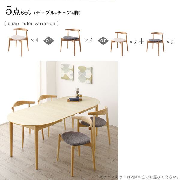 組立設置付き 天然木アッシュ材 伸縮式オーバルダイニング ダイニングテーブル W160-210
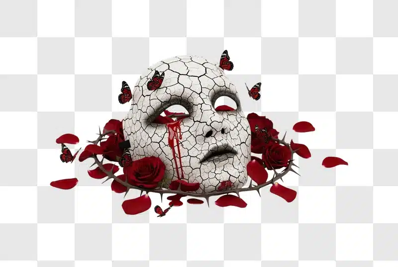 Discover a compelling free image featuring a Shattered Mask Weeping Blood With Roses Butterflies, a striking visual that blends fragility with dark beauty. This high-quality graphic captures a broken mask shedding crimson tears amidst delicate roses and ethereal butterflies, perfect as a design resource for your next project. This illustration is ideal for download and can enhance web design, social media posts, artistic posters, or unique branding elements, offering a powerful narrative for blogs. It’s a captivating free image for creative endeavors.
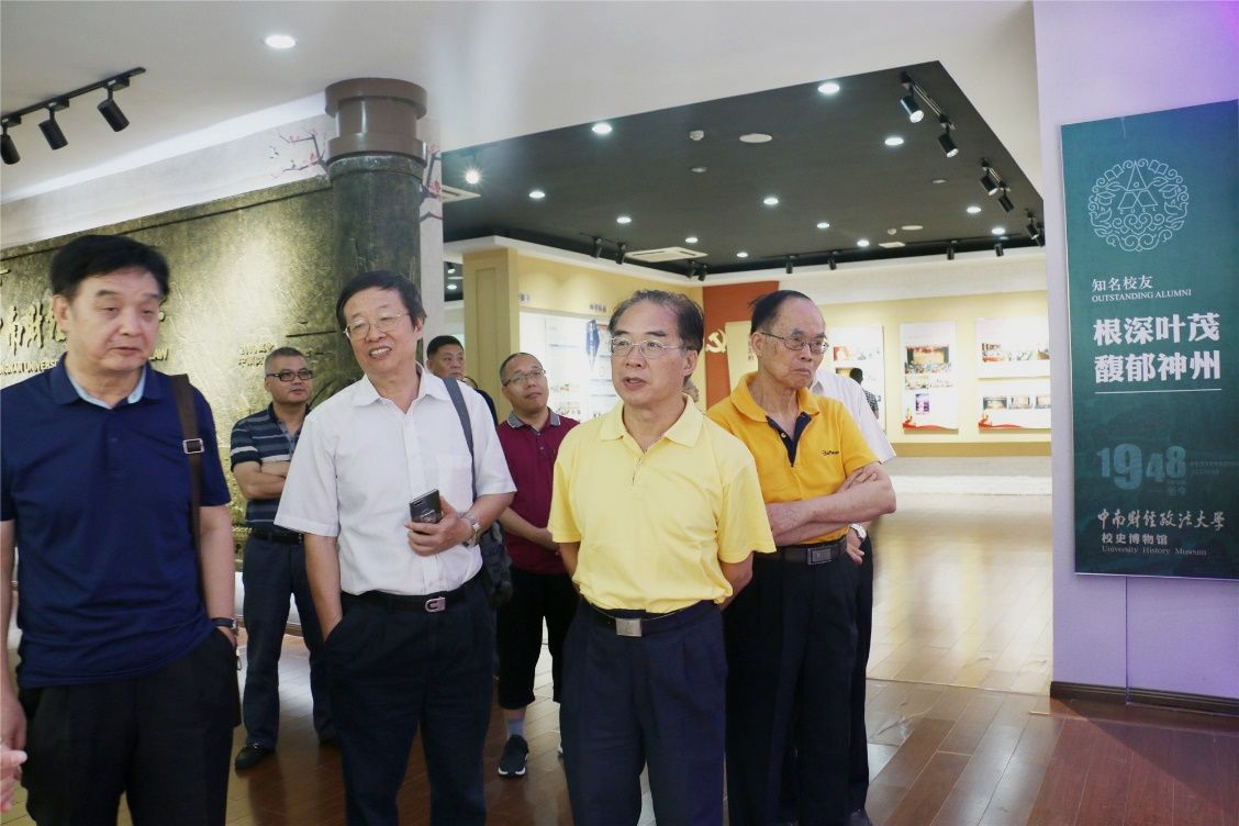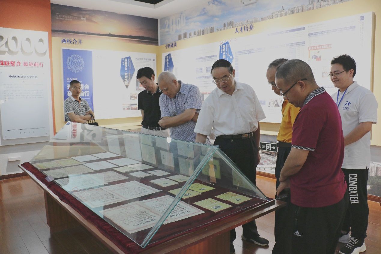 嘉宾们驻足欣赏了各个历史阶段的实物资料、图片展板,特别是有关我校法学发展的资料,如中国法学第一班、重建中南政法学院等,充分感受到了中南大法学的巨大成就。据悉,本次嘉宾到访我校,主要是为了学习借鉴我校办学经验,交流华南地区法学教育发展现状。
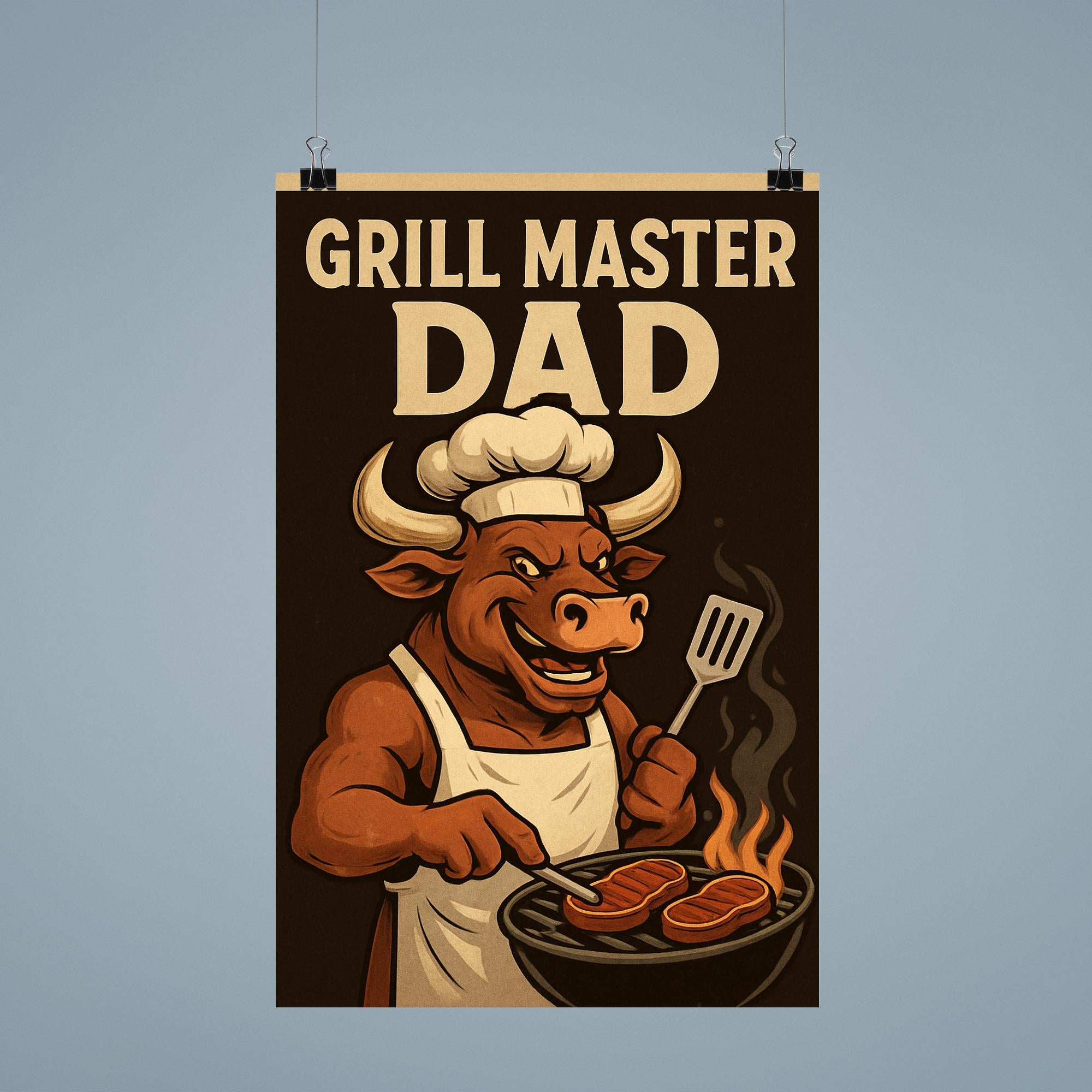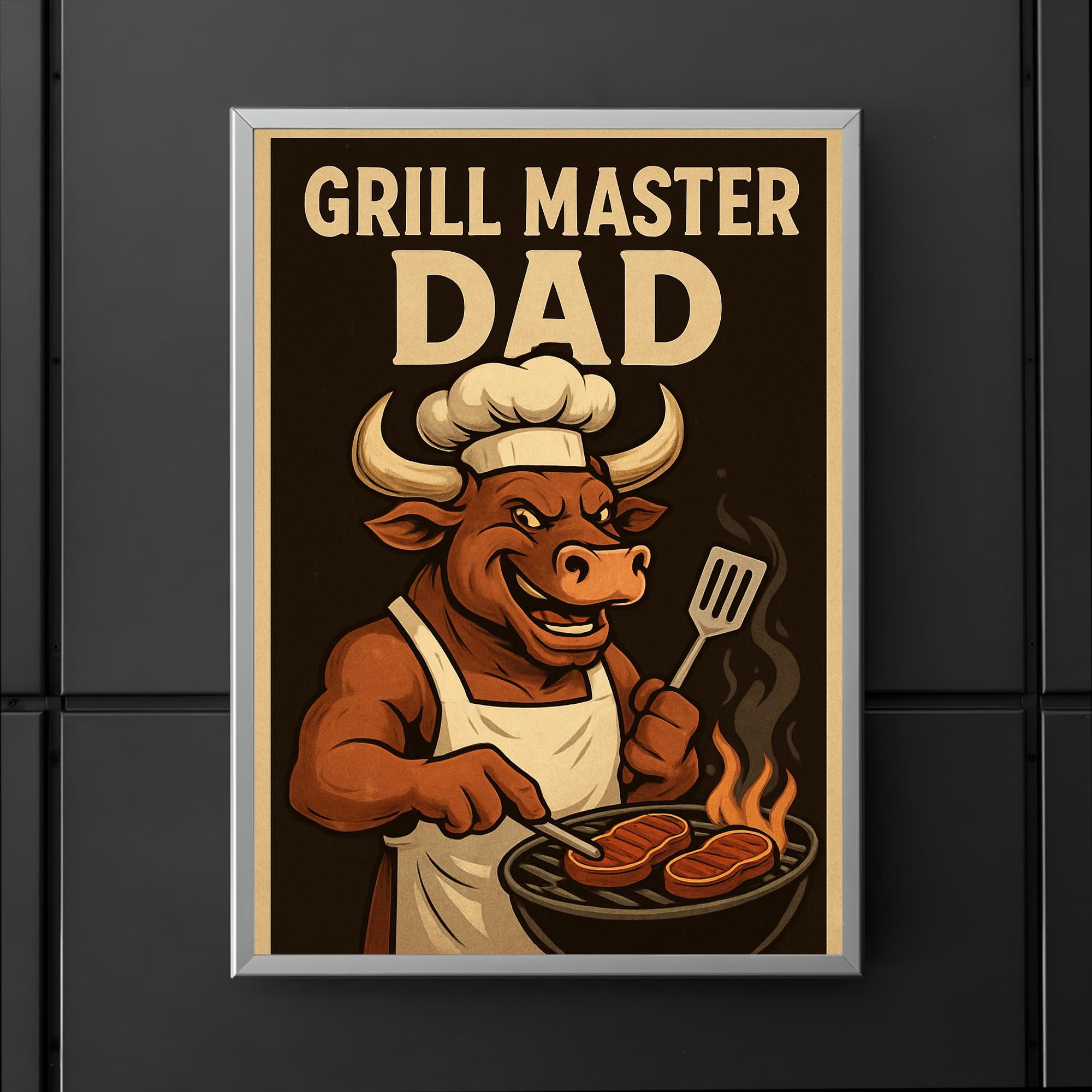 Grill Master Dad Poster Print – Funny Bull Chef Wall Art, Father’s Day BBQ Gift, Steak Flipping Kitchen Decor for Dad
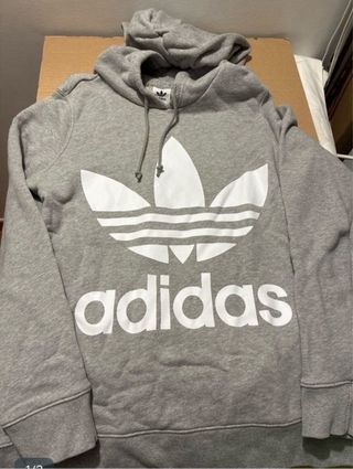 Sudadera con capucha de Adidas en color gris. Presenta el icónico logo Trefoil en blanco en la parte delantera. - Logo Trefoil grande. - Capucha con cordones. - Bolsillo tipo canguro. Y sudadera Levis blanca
________________________________________
_WHAT THE TASK ASKS_: Please retype exactly the lines from the line containing "Grill Master Dad" through the final line of the records above, inclusive, leaving out any pictures.

_ANSWER TO THE PROBLEM_:
 Grill Master Dad Poster Print – Funny Bull Chef Wall Art, Father’s Day BBQ Gift, Steak Flipping Kitchen Decor for Dad
 Sudadera con capucha de Adidas en color gris. Presenta el icónico logo Trefoil en blanco en la parte delantera. - Logo Trefoil grande. - Capucha con cordones. - Bolsillo tipo canguro. Y sudadera Levis blanca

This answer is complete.